Durante décadas, ouvimos representantes de empresas e governos ocidentais prometer que a abertura da China ao capitalismo globalizado traria mais liberdade, mais democracia e melhor nível de vida para a sua população. Hoje, é extremamente claro que aconteceu o oposto. Se um código de trabalho mínimo acabou por ser aprovado, se em algumas fábricas os salários têm aumentado e se os abusos às leis laborais têm sido minimamente combatidos, isso deve-se à luta heróica e vitoriosa de tantos/as trabalhadores/as chineses/as que se têm revoltado, ocupando fábricas e organizando protestos.

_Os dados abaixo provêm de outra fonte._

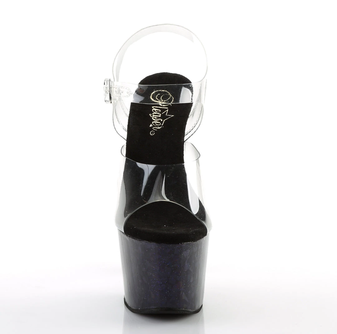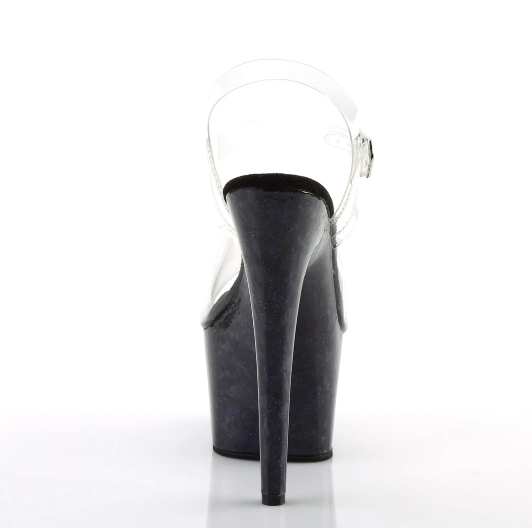 These gorgeous seven inch platforms feature a multi colour shatter print in the base. With a buckle strap for extra foot support and a sexy peep toe, these sexy high heels are a must have for any poler’s wardrobe!Â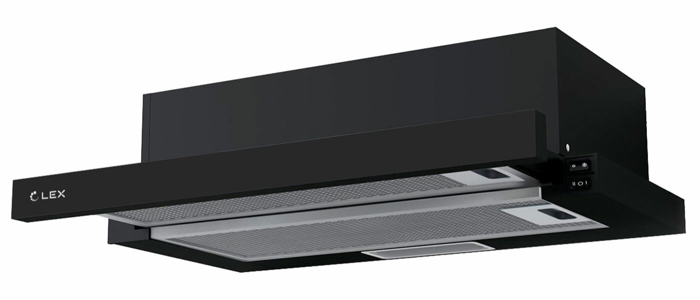 Компактная и тихая вытяжка LEX HIDE 500 — прекрасное решение для небольшой кухни. У модели высокая мощность, простое управление, комфортная для глаз подсветка. С помощью выдвижной каретки можно быстро увеличить площадь поглощения запахов и пара. Вытяжка встраивается в шкаф шириной 50 см, на виду остается только узкая панель в черном, стальном или белом цвете, поэтому эта модель идеально впишется в любой интерьер. Устройство можно подключить к вентиляции или установить на мотор угольные фильтры для работы вытяжки в режиме рециркуляции.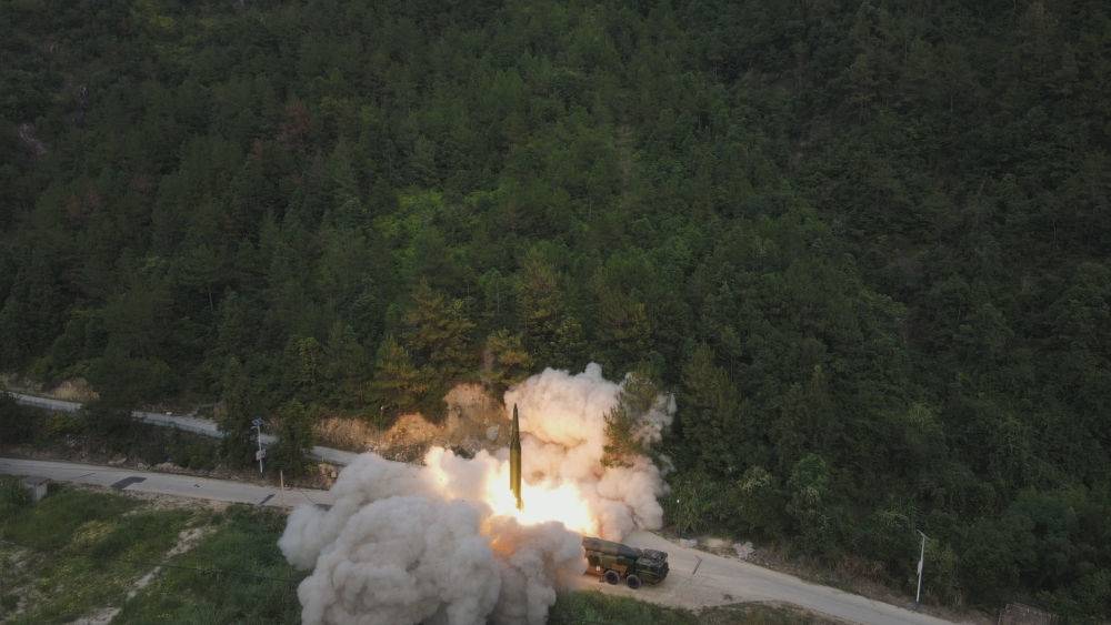 8月4日,东部战区火箭军对台岛东部外海预定海域实施火力突击。这是导弹发射升空(视频截图)。新华社发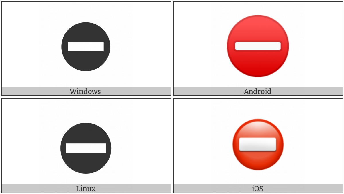 The image below shows how the “No Entry” symbol might look like on different operating systems. If the font in which this web site is displayed does not contain the symbol and there is no fallback font able to render it, you can use the image below to get an idea of what it should look like.

A luta pelos direitos do trabalho na China oferece-nos três grandes lições para o futuro. A primeira é que é possível resistir e lutar por uma vida melhor mesmo quando o contexto é extremamente adverso a mobilizações populares. A segunda é que a perpetuação do consumismo nos países ricos depende fortemente da escravização de populações inteiras. E a terceira é que a luta contra a exploração do trabalho na China está interligada com a mesma luta em Portugal – nós lutamos pelos seus direitos, eles/as lutam pelos nossos. Agora que sabemos que a EDP será entregue em parte a uma empresa detida pelo estado chinês, convém não nos esquecermos destas lições.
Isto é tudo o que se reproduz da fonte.